PipeFunc: Build Lightning-Fast Pipelines with Python: DAGs Made Easy

Posted by basnijholt@reddit | Python | View on Reddit | 13 comments

Hey r/Python!

I'm excited to share pipefunc (github.com/pipefunc/pipefunc), a Python library designed to make building and running complex computational workflows incredibly fast and easy. If you've ever dealt with intricate dependencies between functions, struggled with parallelization, or wished for a simpler way to create and manage DAG pipelines, pipefunc is here to help.

What My Project Does:

pipefunc empowers you to easily construct Directed Acyclic Graph (DAG) pipelines in Python. It handles:

Automatic Dependency Resolution: pipefunc automatically determines the correct execution order of your functions, eliminating manual dependency management.
Lightning-Fast Execution: With minimal overhead (around 10 µs per function call), pipefunc ensures your pipelines run super fast.
Effortless Parallelization: pipefunc automatically parallelizes independent tasks, whether on your local machine or a SLURM cluster.

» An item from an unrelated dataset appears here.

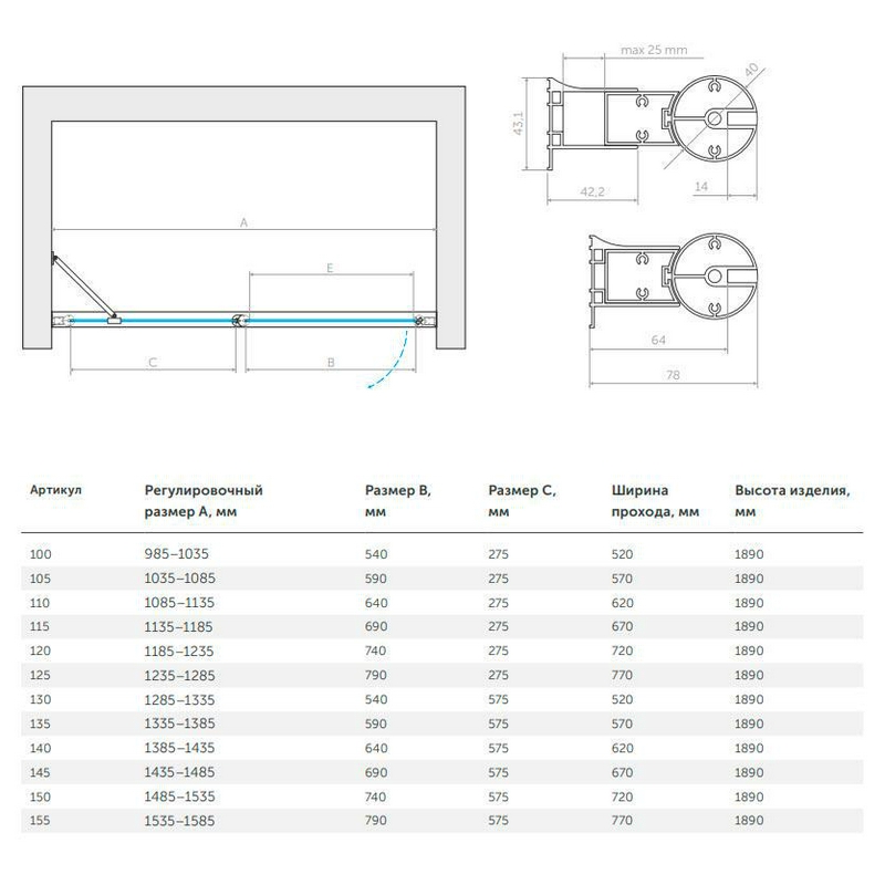 Душевая дверь Vegas Glass EP-F-1 Дверь одностворчатая распашная, с неподвижным элементом в нишу EP-F-1, 150*190 см, левая, профиль глянцевый хром, стекло сатин, ZZ

It supports any concurrent.futures.Executor!
Intuitive Visualization: Generate interactive graphs to visualize your pipeline's structure and understand data flow.
Simplified Parameter Sweeps: pipefunc's mapspec feature lets you easily define and run N-dimensional parameter sweeps, which is perfect for scientific computing, simulations, and hyperparameter tuning.
Resource Profiling: Gain insights into your pipeline's performance with detailed CPU, memory, and timing reports.
Caching: Avoid redundant computations with multiple caching backends.
Type Annotation Validation: Ensures type consistency across your pipeline to catch errors early.
Error Handling: Includes an ErrorSnapshot feature to capture detailed information about errors, making debugging easier.

Target Audience:

pipefunc is ideal for:

Scientific Computing: Streamline simulations, data analysis, and complex computational workflows.
Machine Learning: Build robust and reproducible ML pipelines, including data preprocessing, model training, and evaluation.
Data Engineering: Create efficient ETL processes with automatic dependency management and parallel execution.
HPC: Run pipefunc on a SLURM cluster with minimal changes to your code.
Anyone working with interconnected functions who wants to improve code organization, performance, and maintainability.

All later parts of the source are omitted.